- 模仿犯
- Genre: Crime thriller
- Based on: The Copycat by Miyuki Miyabe
- Starring: Wu Kang-ren
- Country of origin: Taiwan
- Original language: Mandarin
- No. of seasons: 1
- No. of episodes: 10

Production
- Editor: Shieh Meng-ju

Original release
- Network: Netflix
- Release: March 31, 2023

= Copycat Killer (TV series) =

Taiwanese crime thriller series

Copycat Killer (模仿犯) is a Taiwanese crime thriller series that was released on Netflix on March 31, 2023. Set in 1990s Taipei, the series stars Wu Kang-ren as a prosecutor trying to track down a serial killer. The series was adapted from the 2001 novel The Copycat by Japanese writer Miyuki Miyabe.

==Synopsis==
In 1990s Taipei, prosecutor Kuo Hsiao-chi tries to track down a serial killer named "Noh".

==Cast==
- Wu Kang-ren as Kuo Hsiao-chi
- Tuo Tsung-Hua as Shang-Yong Lin
- Cammy Chiang as Yen-Jhen Lu
- Chia-Yen Ko
- Hsia Teng-hung
- Fandy Fan
- Ruby Lin as Ya-Cih Yao
- Yao Chun-yao as Chen He-ping

==Critical reception==
Cinema Express Mrinal Rajaram gave the series 3.5 stars out of 5, praising the "multifaceted" exploration of its theme, but noting that the series was too drawn out.

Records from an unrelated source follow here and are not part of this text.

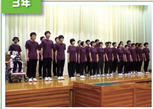
みんなで作詞した歌 「We are best friends ～最高の友達～」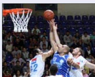
محاولة لسماحة للتسجيل (بروفوتو)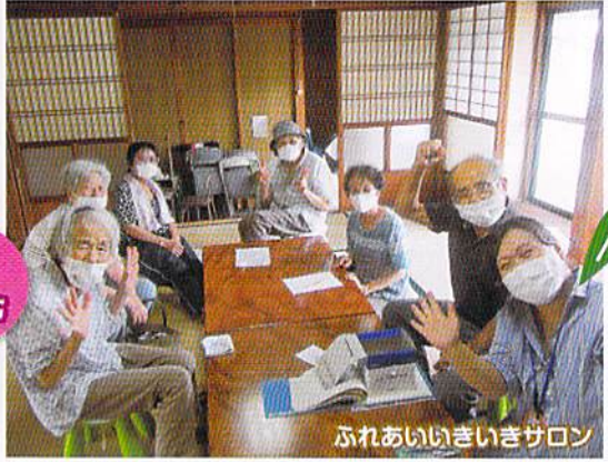
ふれあいいきいきサロン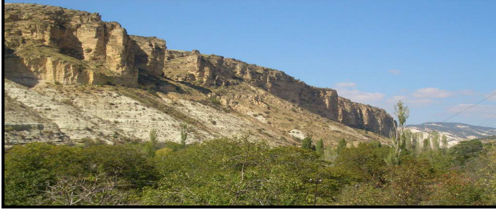
Şekil: 3. İnözü vadisi arkeolojik ve doğal sit alanı olarak koruma altına alınmıştır.

Yaylalar, göçebe ve yarı göçebelerle, köylerin ekonomik faaliyet alanıdır. Bu ekonomik faaliyetlerde hayvancılık önde gelmekle birlikte, tarımsal faaliyetler de yapılabilmektedir. Bunun yanında yaylalar, kasaba ve şehirlerde yaşayan insanların da sosyal amaçlar için kullandıkları ya da yararlandıkları, çıkılan veya gidilen yerdir (Somuncu, 2005: 24).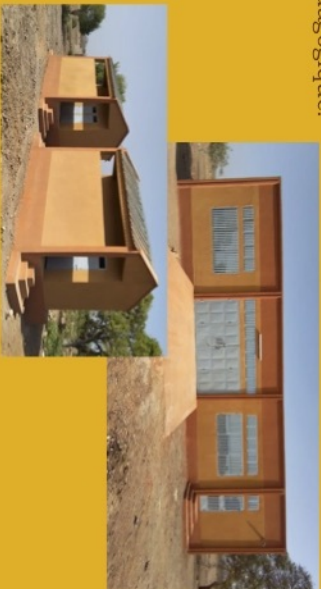
Ouverture de la première classe en octobre 2020

Un bâtiment de 4 salles de classe, un atelier génie civil/ bâtiment, un module administratif et 3 blocs toilettes, équipement en mobilier et matériel pédagogique.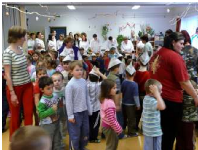
Menetelés csáköban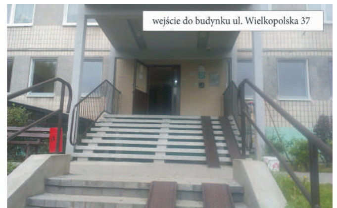
wejście do budynku ul. Wielkopolska 37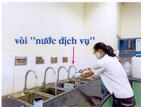
Vị trí lấy mẫu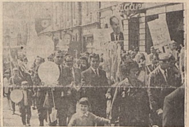
A II. üzem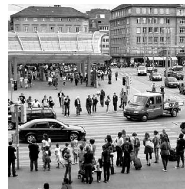
Bahnhofplatz heute: Fussgänger und Autos im Konflikt.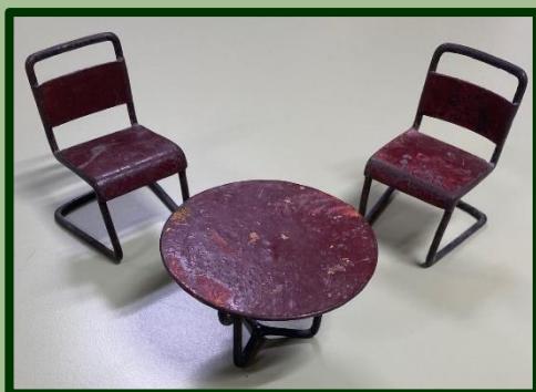
Met vakmanschap en liefde gemaakt: tafel met twee stoeltjes voor de poppen van de kinderen Burghart.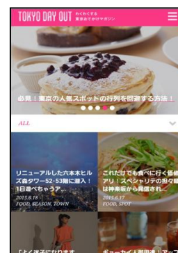
TOKYO DAY OUT 画面とライター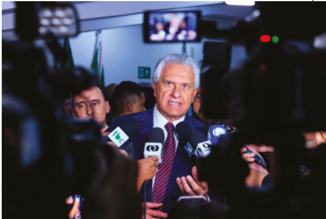
Caiado: “Não assumi governo para dizer amém, ficar assistindo enquanto o Estado é incendiado por criminosos”

O governador demonstrou preocupação com a movimentação de organizações criminosas, que se articulam para praticar incêndios com objetivo de desvalorizar o patrimônio. Em seguida, tentam adquirir a área afetada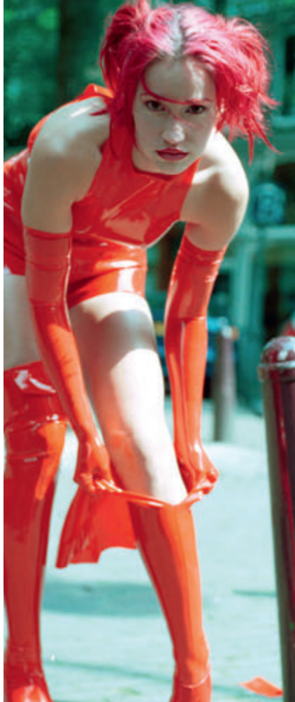
006 BIANCA BEAUCHAMP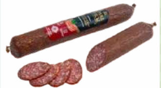
Колбаса "Раубицкая премиум" в/с/к салями Борисовский МК, 1 кг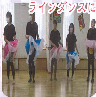
ラインダンスになってますか？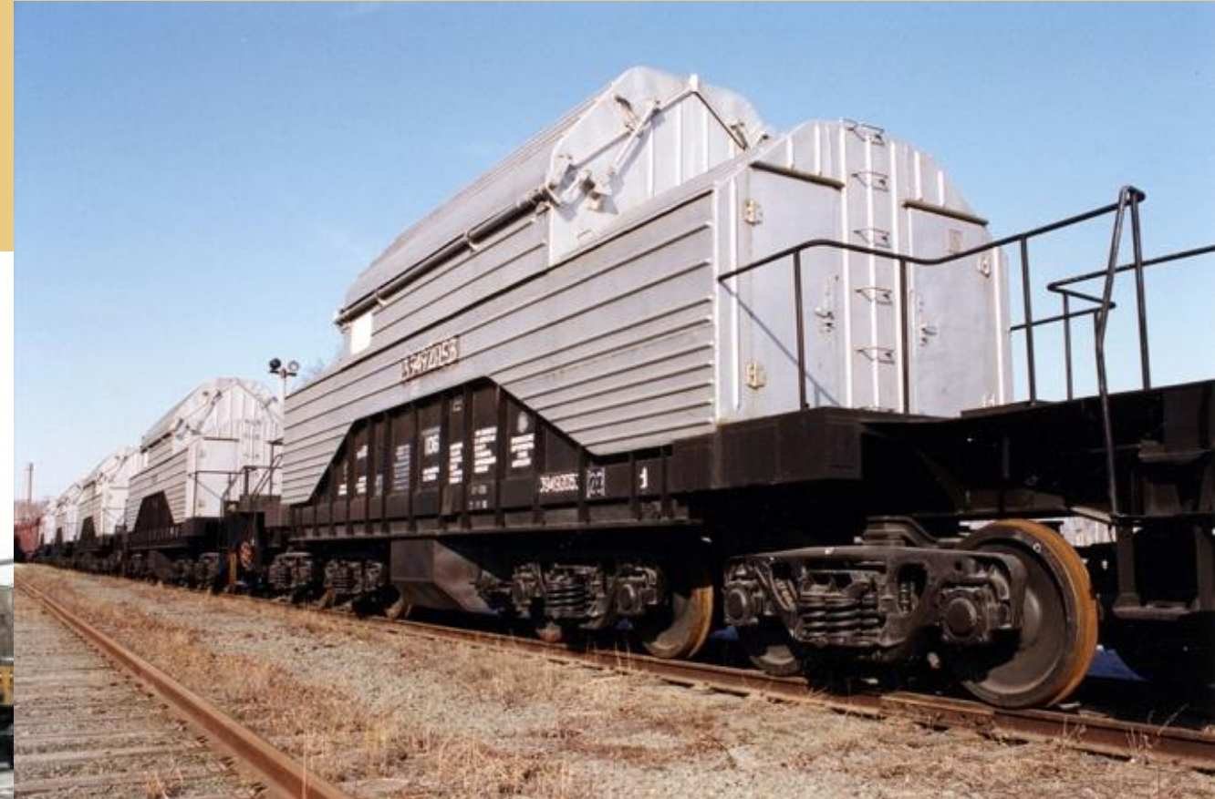
Вагоны для перевозки ядерного топлива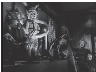
Figura 11. Ídolo del diablo en El espejo de la bruja .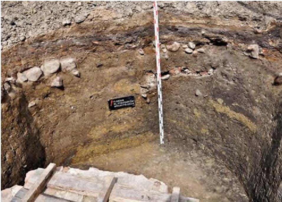
16. Pleszew, Plac Powstańców Wielkopolskich: widok na profil wykopu obok kamiennej studni.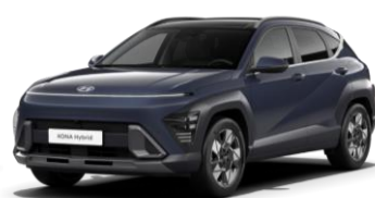
Denim Blue perlamutra (TN6)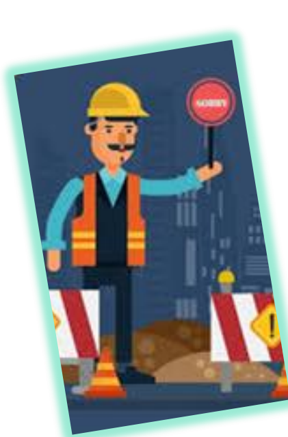
AKTIVITAS PEKERJAAN KONSTRUKSI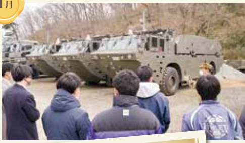
入隊予定者フォローイベント(船岡駐屯地)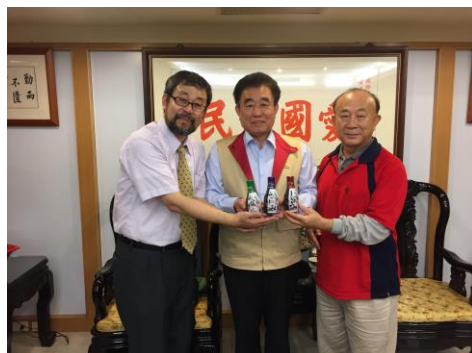
2016年度 醤油売り込み

交流の実績は2014年度から続くものであり、ぜひ実現したいと思う。商業教育の実践の場としてはきわめてよいつながりであると考えられる。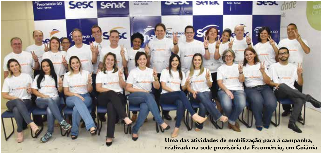
Uma das atividades de mobilização para a campanha, realizada na sede provisória da Fecomércio, em Goiânia

panha, mesma ação desenvolvida na reunião de diretoria de todo Sistema em Goiás, no dia 26 de outubro. Na mesma data foi solicitado a todos os 31 sindicatos da Fecomércio que divulguem a campanha entre seus associados.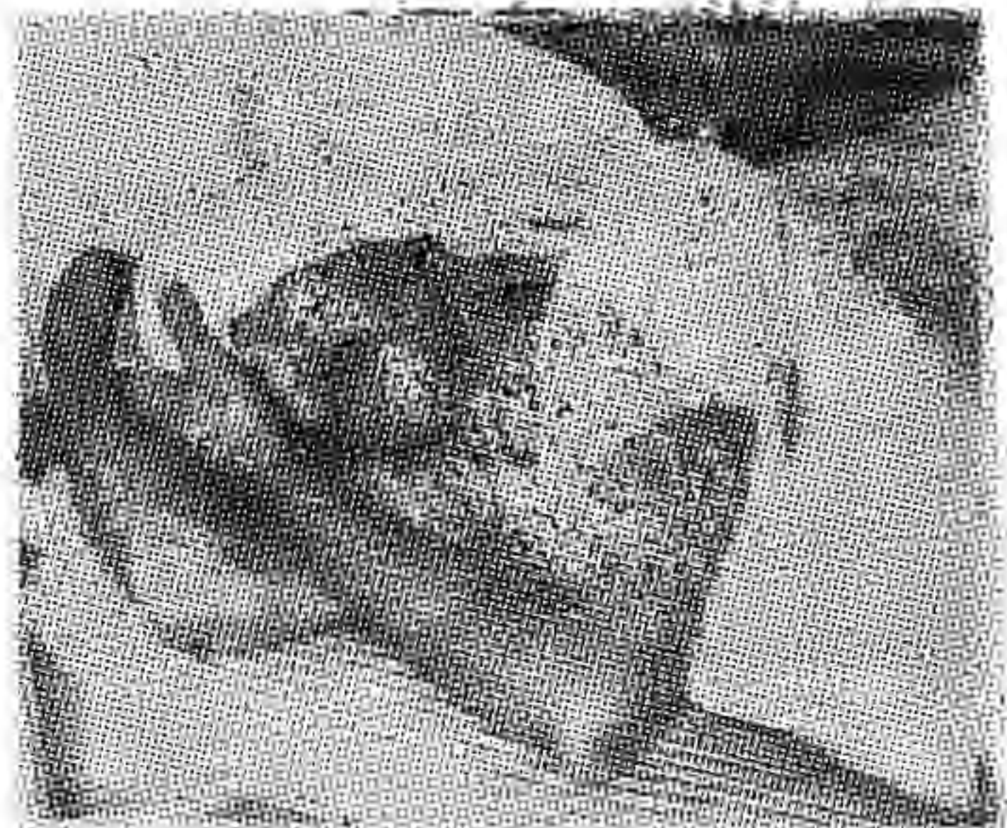
MIENTRAS LOS MILITARES SOLDADOS CAEN ABATIDOS, SUS OFICIALES SE ENRIQUECEN A COSTA DEL JUERO

ESTE SOLDADO ES TAMBIEN UNA VICTIMA DEL 10 DE MARZO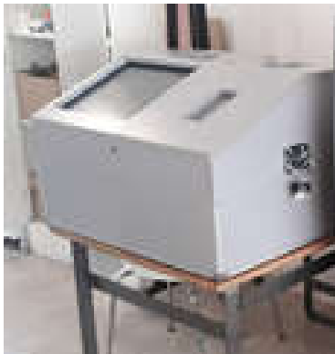
Fig. 3: Prototipo de la nueva máquina.

Pretende mejorar la comunicación con la PC de administración de los presidentes de mesa, incorporando una pantalla táctil junto a la urna. El gabinete es portable permitiendo el traslado a distintas sedes de la Universidad. También se cambió la impresora, eliminando el mecanismo de arrastre de los comprobantes.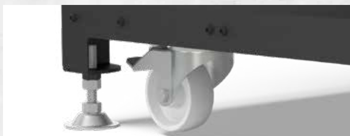
Opcjonalnie: 4 koła z hamulcem blokującym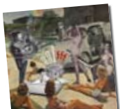
Alado Sincera /// Palimpsesto. Repetidor

"Here to fall" és el single que obre, amb bon peu, el nou llarg de YLT . La llum de mica en mica s'infiltra en unes cançons que rellueixen com en les millors ocasions. Només un final diluït entre distorsions envelluïdes i els dilatats grinyols de guitarra d' Ira Kaplan poden dissuadir l'oïent de plegar abans d'hora. El fet que la banda ja compti amb 12 discos i 25 anys de carrera queda en pura anècdota. /// A. GIRON

Deciders Joel Keller criticised the meandering plotlines in the first episode, noting that it made the story difficult to follow. South China Morning Posts James Marsh praised the performances, calling Wu "perfectly cast as the white knight prosecutor".

Copycat Killer won four awards at the 58th Golden Bell Awards including "Most Popular Drama Series".